Bushmen still persecuted

Bushmen in Botswana's Central Kalahari game reserve have requested the Dalai Lama, to appeal to the government on their behalf for restoring their rights over ancestral lands during his upcoming visit to the African country.

Bushman spokesman Jumanda Gakelebone asked the Dalai Lama to urge Botswana's president Ian Khama "to listen to us and respect our rights".

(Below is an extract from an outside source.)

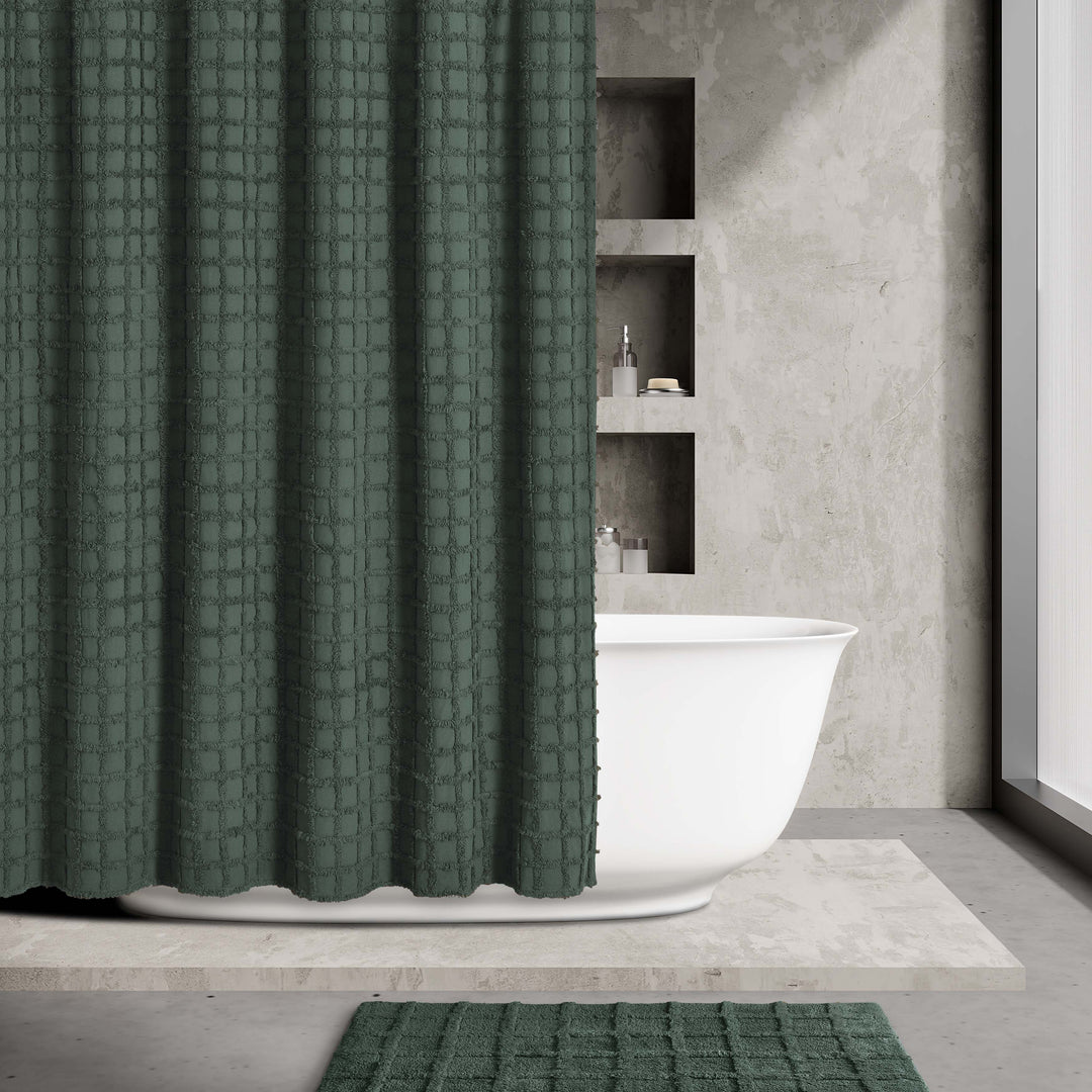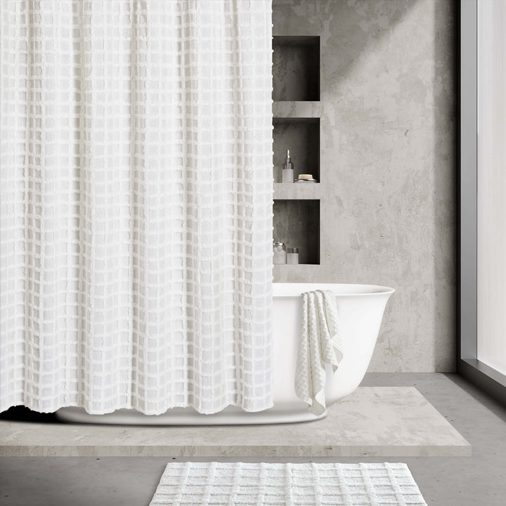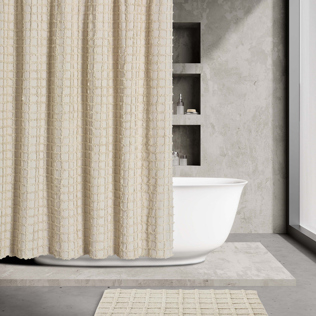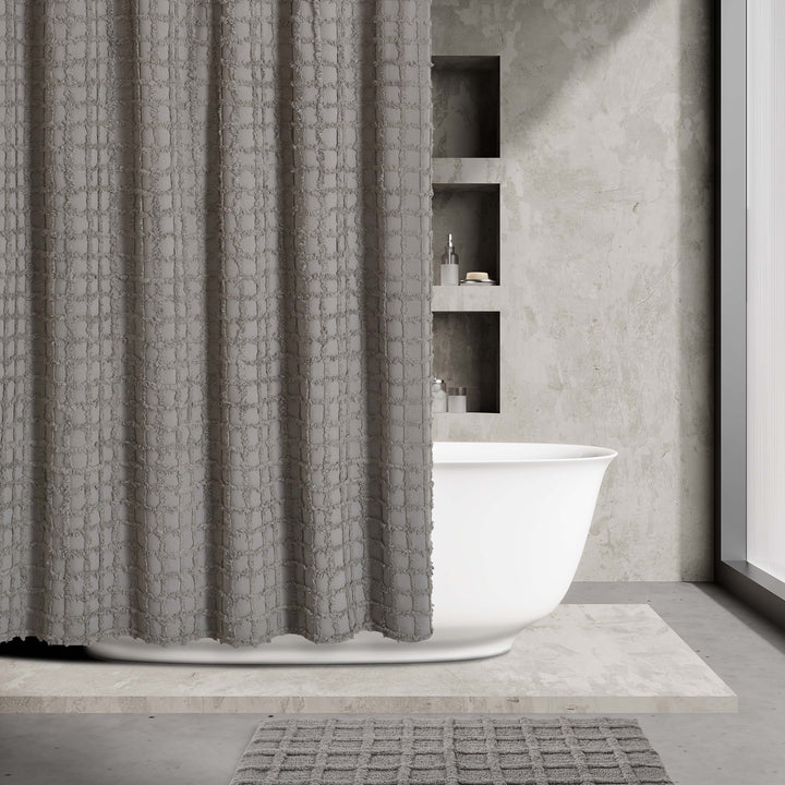 Add a tasteful touch of modern simplicity to your bathroom decor with the cameron 100% cotton shower curtain. The sophisticated tufted tonal shower curtain is available in multiple color options and offers lovely texture and surface interest to your bathroom. This standard size 72"x72" shower is durable and machine washable, making it easy to clean. Shower liner is recommended. Pair this curtain with the bath rug to complete the modern look (each sold separately).

Hundreds of Bushmen were evicted from their ancestral homelands in the name of conservation, and moved into government camps between 1997 and 2002, following the discovery of diamonds in the Kalahari desert.
Botswana's High Court ruled in 2006 that more than 1,000 San Bushmen had been wrongly evicted and should be allowed to return. But the government continues to enforce a permit system, which rights group Survival International has compared to apartheid-era pass laws. "We still cannot live on our lands freely. The government makes it so that children must apply for permits to visit their parents when they become adults," Gakelebone said in the letter published by Survival International.
The Bushmen are also accused of poaching when they hunt to feed their families, and face arrests and beatings under a nationwide hunting ban, rights groups say. "Yet the government is happy for mining to take place on our ancestral land." The United Nation's special representative on cultural rights in 2014 questioned why the San were evicted to conserve wildlife while diamond mining has been allowed to continue.
"No independent observer believes the Bushmen pose any kind of risk to the country's wildlife," said Survival International Director Stephen Corry.
 "We are the first people of the Kalahari. We are the ones who have protected this land and the animals that live there," the letter said.